The expected use cases lead to these design principles:

Preserve information exposed through ContentHandler, LexicalHandler and Locator.
Creation from SAX events or as part of the parse of a conforming HTML5 document should be fast.
Emitting SAX events based on the tree should be fast.
Mutations should be possible but should not make the above “fast” cases slower.
Concurrent reads should work without locking when there are no concurrent mutations.
The user of the API has the responsibility of using the API properly: for the sake of performance, the model does not check if it is being used properly. Improper use may, therefore, put the model in an inconsistent state.

These design principles are almost the exact opposite of the design principles behind XOM: XOM emphasizes integrity checking over performance while SAX Tree emphasizes performance (of certain kind) and doesn’t do integrity checking.

Contrary to the usual Java XML API design, SAX Tree does not use a list of child nodes for elements. Instead, it uses links to next sibling and the first child. Append is O(1) thanks to a reference to the last child as well. The typical implementation pattern for the tree to SAX event converter is that the SAX dependency is in the traversal code and that code has to examine each node for its type. SAX Tree is tightly coupled with SAX by design, and the visitor pattern is used instead. That is, each node knows how to emit a SAX event on visit and revisit. This way, normal dynamic method dispatch is leveraged, and an instanceof chain is not needed. Further, the visitor traverses the tree iteratively—not recursively.

For the use cases that SAX Tree was designed for, it outperforms Xerces DOM, XOM, JDOM and dom4j. Also, SAX Tree faithfully replays everything that SAX exposes through ContentHandler, LexicalHandler and Locator. Especially preserving Locator data is something that the four tree APIs don’t do.

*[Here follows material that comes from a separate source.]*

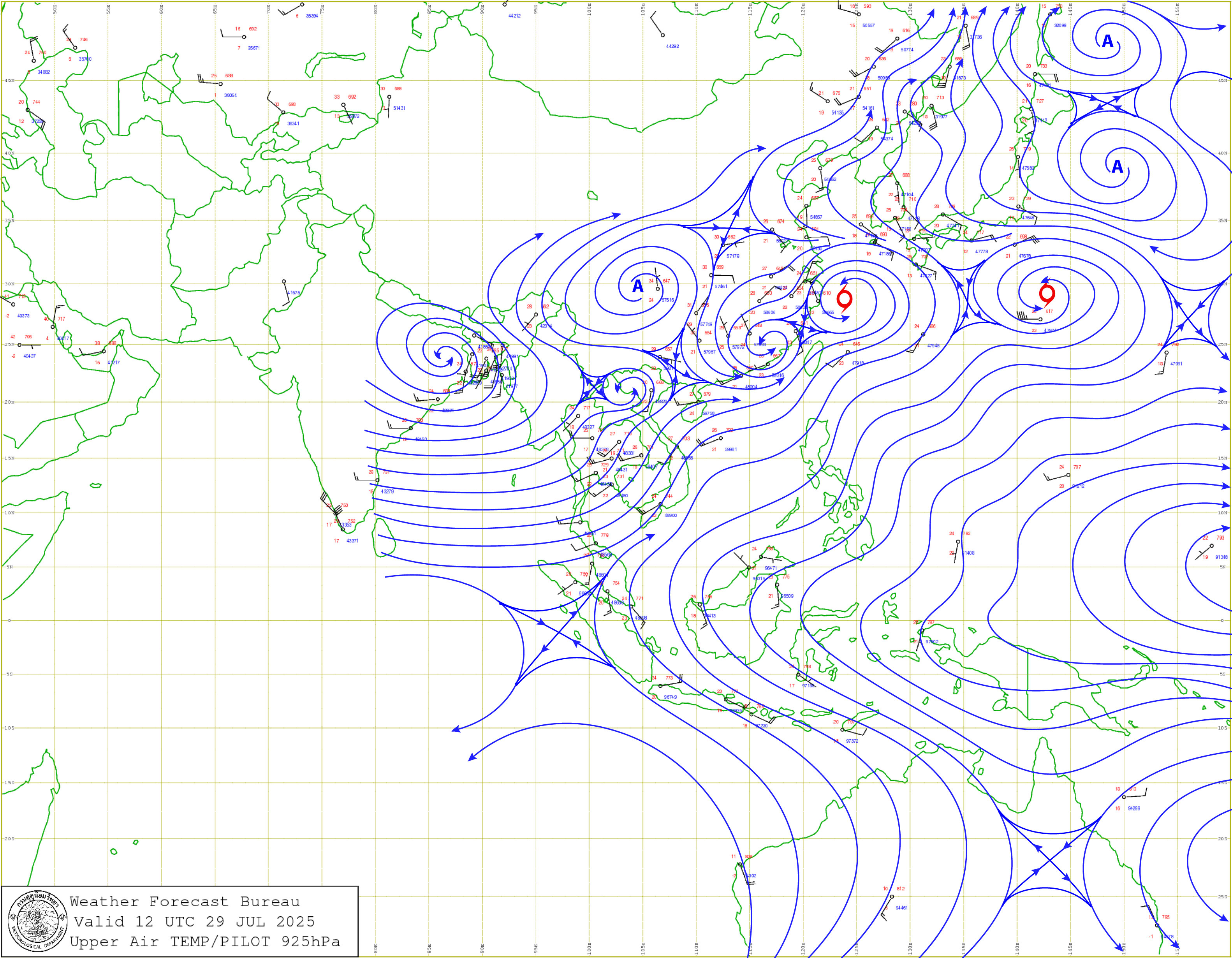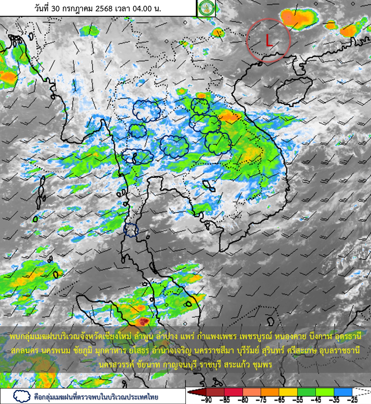 ลักษณะอากาศทั่วไป : พยากรณ์อากาศ 24 ชั่วโมงข้างหน้า ภาคเหนือตอนบน ภาคตะวันออกเฉียงเหนือตอนบน ภาคกลาง และภาคตะวันออก มีฝนตกหนักบางแห่ง โดยเฉพาะบริเวณจังหวัดเชียงราย พะเยา น่าน ตาก บึงกาฬ สกลนคร และนครพนม ขอให้ประชาชนในบริเวณดังกล่าวระวังอันตรายจากฝนตกหนักและฝนที่ตกสะสม ซึ่งอาจทำให้เกิดน้ำท่วมฉับพลัน น้ำป่าไหลหลาก และน้ำล้นตลิ่ง โดยเฉพาะพื้นที่ลาดเชิงเขาใกล้ทางน้ำไหลผ่านและพื้นที่ลุ่ม ทั้งนี้เนื่องจากมีหย่อมความกดอากาศต่ำปกคลุมบริเวณประเทศเวียดนามตอนบน ประกอบกับมรสุมตะวันตกเฉียงใต้กำลังปานกลางพัดปกคลุมทะเลอันดามันประเทศไทย และอ่าวไทย

I wrote the bulk of SAX Tree in June 2007, and the code has been stable since July 2007. However, I haven’t publicized it as a public API, because I wanted to retain the option to redesign some things. Now the API has been stable for over a year, so I feel the API can be considered public and stable.

SAX Tree ships in the jar for the Validator.nu HTML Parser, but you cannot currently obtain a SAX Tree Document as the result of parsing HTML5. API docs are available.